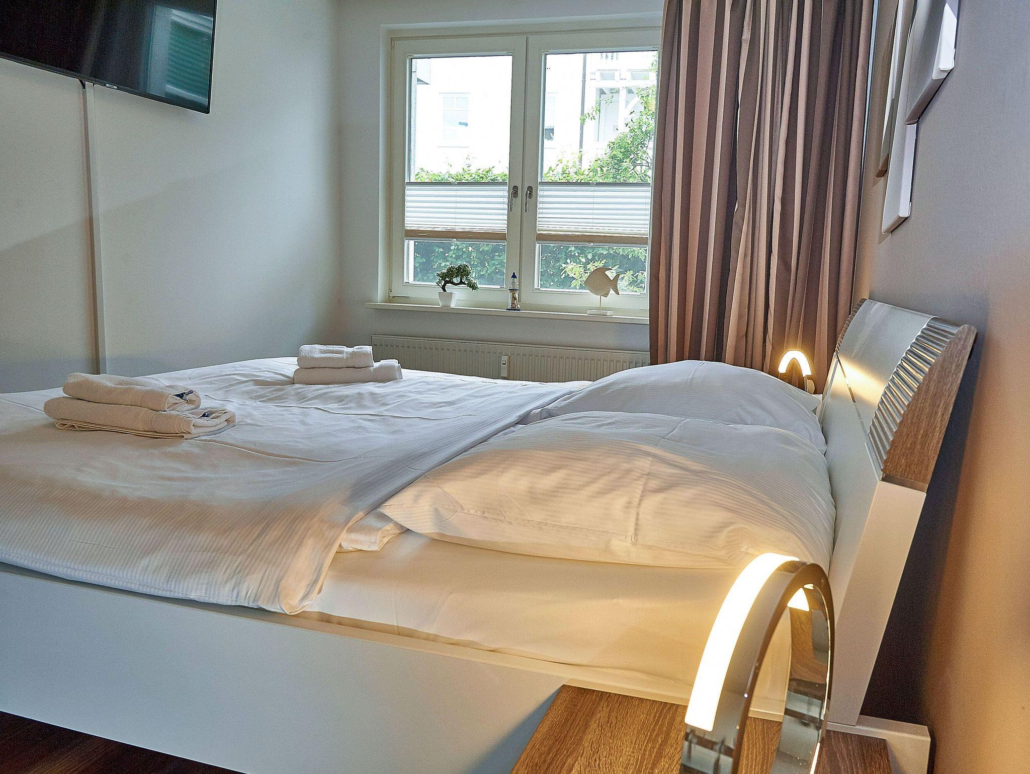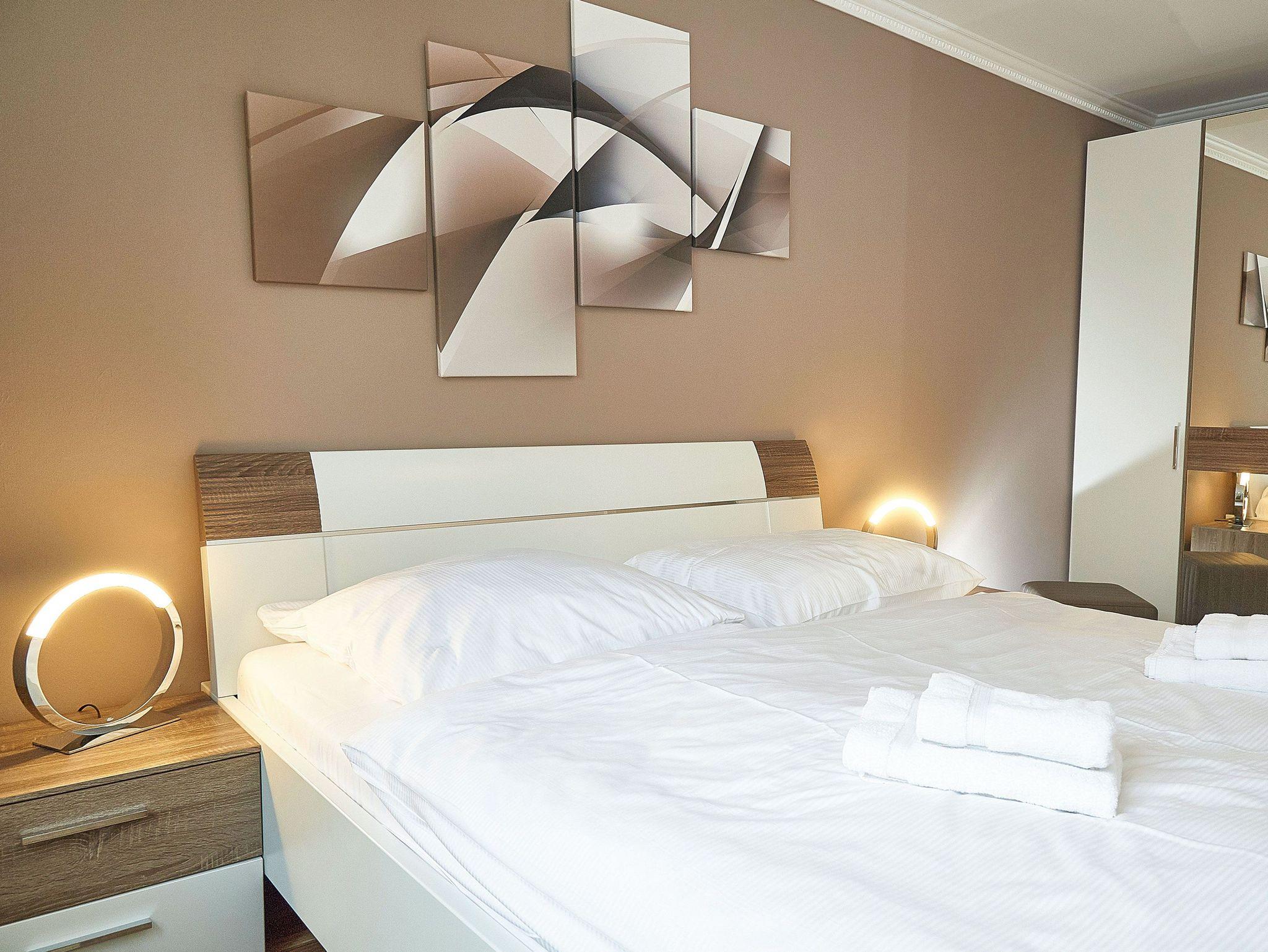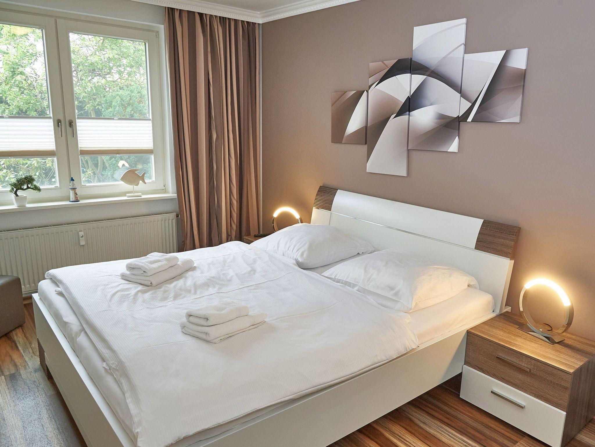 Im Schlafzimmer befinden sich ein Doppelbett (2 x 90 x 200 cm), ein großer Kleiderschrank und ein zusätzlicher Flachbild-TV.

* * * * * * *

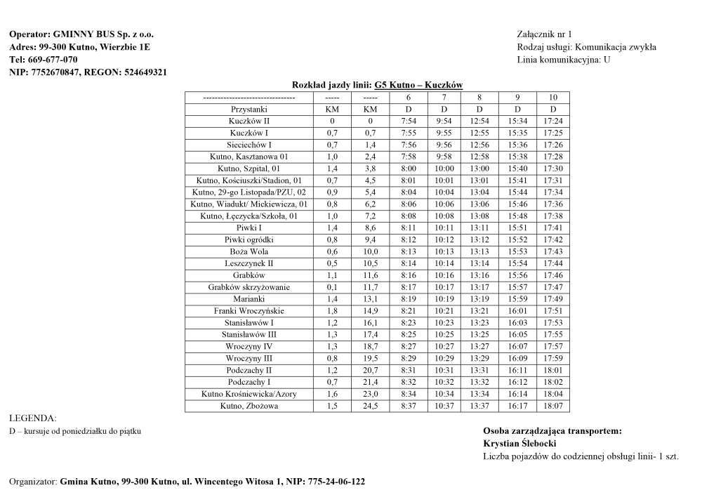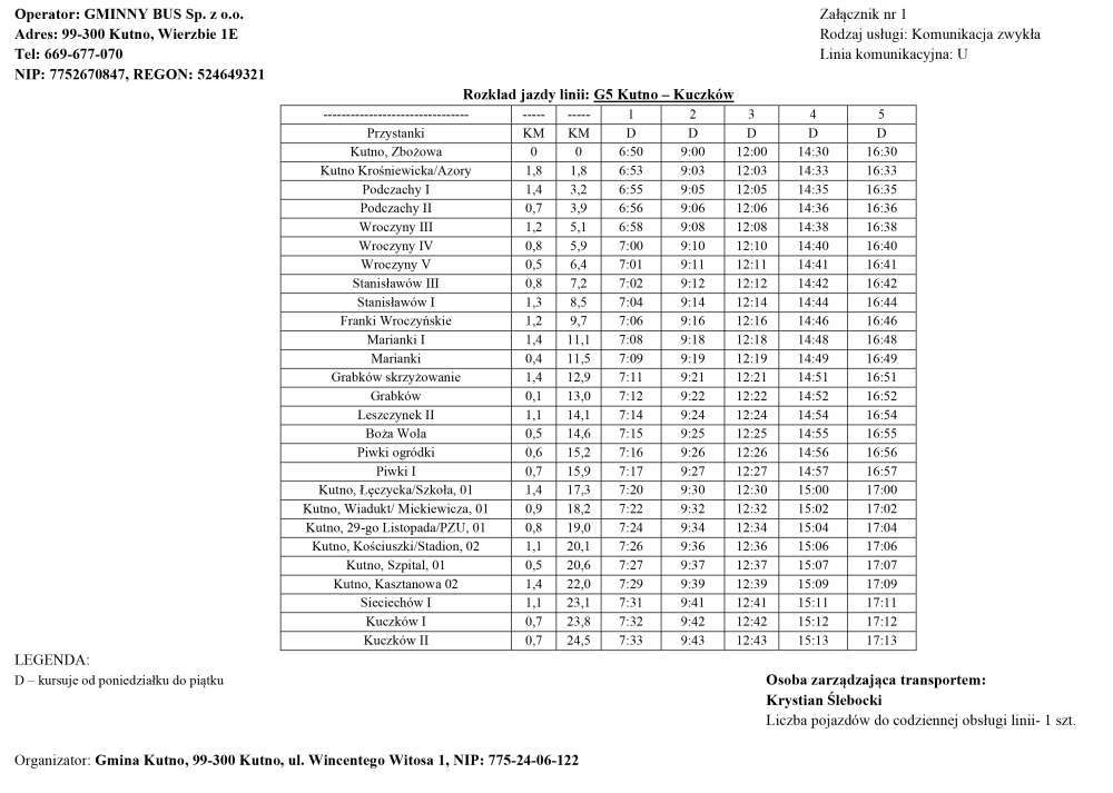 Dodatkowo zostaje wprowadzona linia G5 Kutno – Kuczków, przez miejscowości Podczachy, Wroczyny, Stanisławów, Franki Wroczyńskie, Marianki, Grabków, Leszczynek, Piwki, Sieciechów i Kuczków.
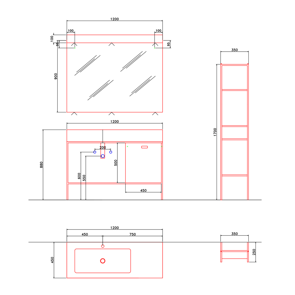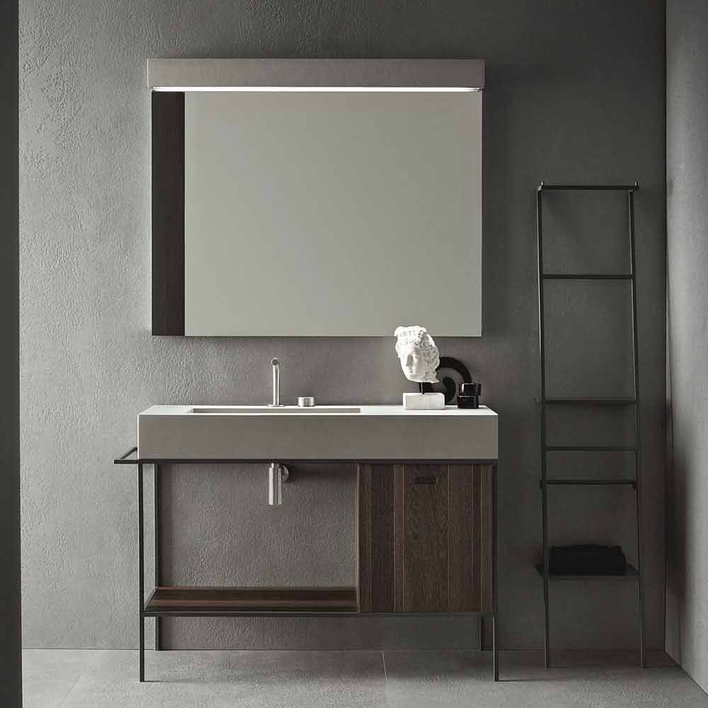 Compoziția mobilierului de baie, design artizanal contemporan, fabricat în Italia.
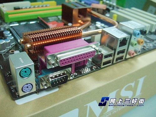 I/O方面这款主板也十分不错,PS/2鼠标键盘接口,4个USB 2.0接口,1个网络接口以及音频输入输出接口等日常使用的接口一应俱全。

* * * * * * *

- **What is being asked**: From the records above, copy only the lines running from the line holding "Dodatkowo zostaje wprowadzona" through the line holding "Compoziția mobilierului de", with no pictures.

- **Result below**:
 Dodatkowo zostaje wprowadzona linia G5 Kutno – Kuczków, przez miejscowości Podczachy, Wroczyny, Stanisławów, Franki Wroczyńskie, Marianki, Grabków, Leszczynek, Piwki, Sieciechów i Kuczków.
 Compoziția mobilierului de baie, design artizanal contemporan, fabricat în Italia.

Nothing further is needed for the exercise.